» **EXERCISE BRIEF**:
Both the line below containing "С элегантными габаритными" and the line containing "- Wall Mounted", along with every line between them, should be repeated exactly; no other line belongs in the answer.

» **EXERCISE DATA**:
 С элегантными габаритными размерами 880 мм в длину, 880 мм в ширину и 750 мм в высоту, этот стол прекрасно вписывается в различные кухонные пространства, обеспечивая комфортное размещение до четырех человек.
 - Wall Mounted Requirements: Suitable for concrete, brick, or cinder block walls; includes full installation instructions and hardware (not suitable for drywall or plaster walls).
...
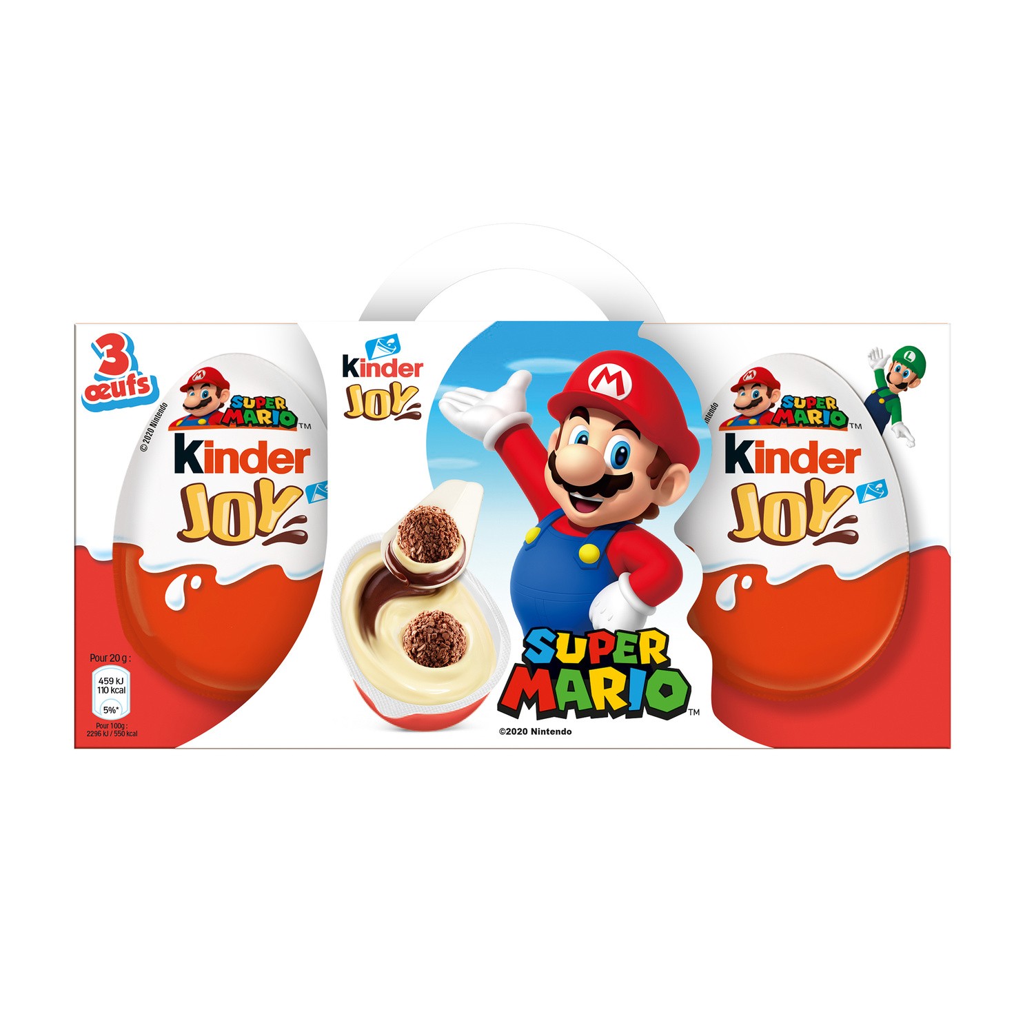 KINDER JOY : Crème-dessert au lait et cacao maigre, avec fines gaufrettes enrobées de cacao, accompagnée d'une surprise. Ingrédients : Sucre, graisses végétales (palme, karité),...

» **TASK SOLUTION**:
 С элегантными габаритными размерами 880 мм в длину, 880 мм в ширину и 750 мм в высоту, этот стол прекрасно вписывается в различные кухонные пространства, обеспечивая комфортное размещение до четырех человек.
 - Wall Mounted Requirements: Suitable for concrete, brick, or cinder block walls; includes full installation instructions and hardware (not suitable for drywall or plaster walls).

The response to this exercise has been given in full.